The basic QR algorithm produces a sequence of similar matrices: given $A_0 = A$, compute the QR factorization $A_k = Q_k R_k$ and set $A_{k+1} = R_k Q_k = Q_k^T A_k Q_k$. Since $A_{k+1}$ is unitarily similar to $A_k$, all iterates share the same eigenvalues. Under mild conditions (distinct eigenvalue magnitudes), $A_k$ converges to upper triangular (or quasi-upper triangular in real arithmetic), with eigenvalues on the diagonal.

The shifted QR algorithm uses $A_k - \sigma_k I = Q_k R_k$, $A_{k+1} = R_k Q_k + \sigma_k I$. The shift $\sigma_k$ accelerates convergence by targeting specific eigenvalues. The Wilkinson shift chooses $\sigma_k$ as the eigenvalue of the bottom-right $2 \times 2$ submatrix of $A_k$ that is closer to $a_{nn}^{(k)}$. For symmetric matrices, the Wilkinson shift guarantees cubic convergence of the bottom-right entry to an eigenvalue.

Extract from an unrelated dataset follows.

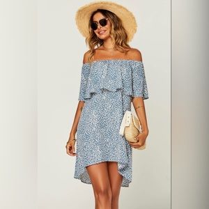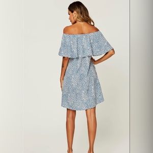 NWT FS Collection Women's Leopard Print Bardot Frill Off Shoulder Mini Dress In Blue - MEDIUM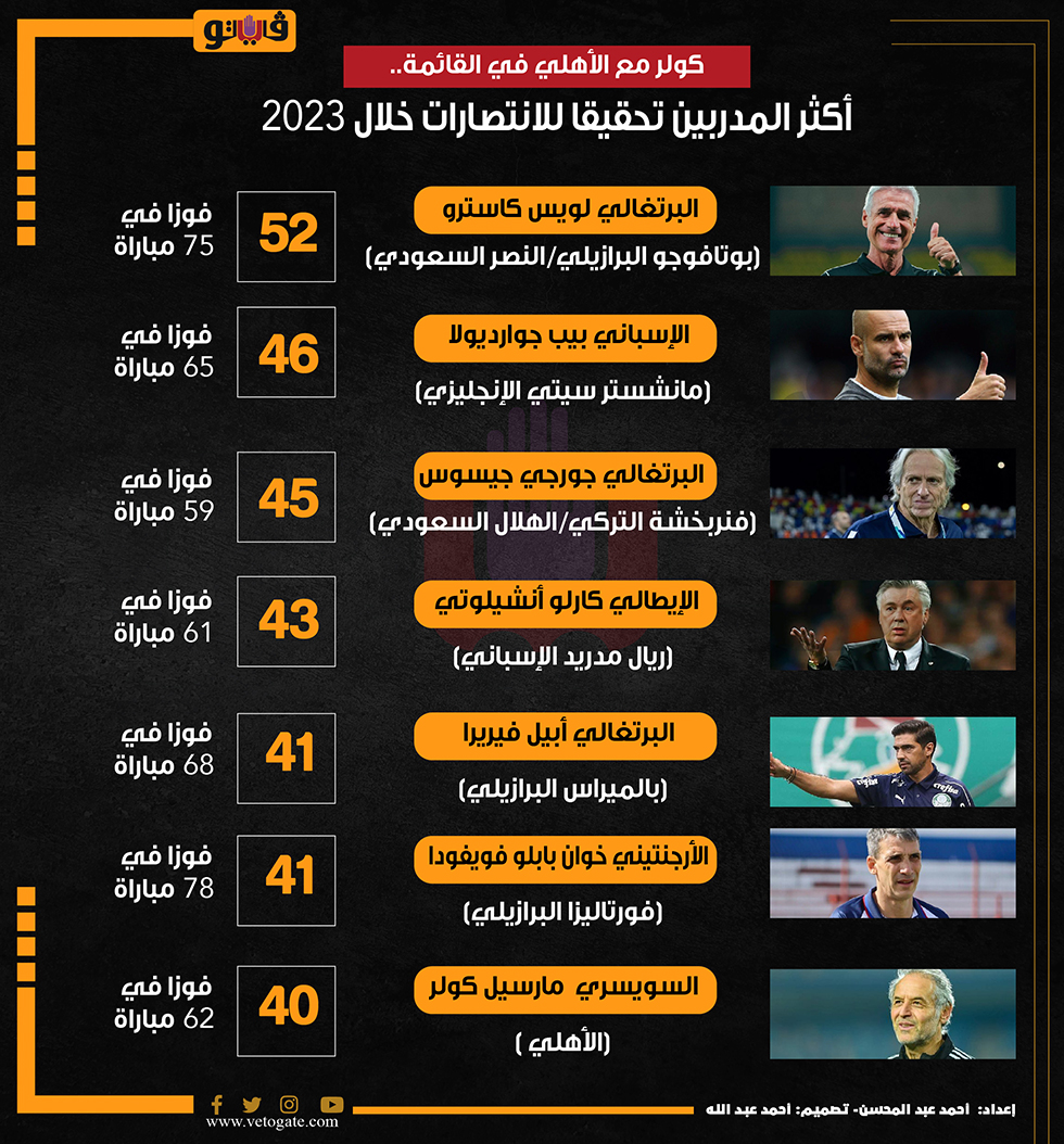 كولر مع الأهلي في القائمة.. أكثر المدربين تحقيقا للانتصارات خلال 2023 (إنفوجراف) الأحد 31/ديسمبر/2023 - 08:17 م 12/31/2023 8:17:39 PM كولر محمود درويش شارك طباعة 18 حجم الخط شارك طباعة لويس كاسترو بيب جوارديولا جورجى جيسوس كارلو انشيلوتي مارسيل كولر

For real matrices with complex eigenvalues, the double-shift (Francis) QR step implicitly applies two shifts $\sigma, \bar{\sigma}$ (a complex conjugate pair) simultaneously, maintaining real arithmetic throughout. This is achieved by computing $M = (A - \sigma I)(A - \bar{\sigma} I)$, taking only its first column, and performing a "bulge chase" with Householder reflectors to restore Hessenberg form.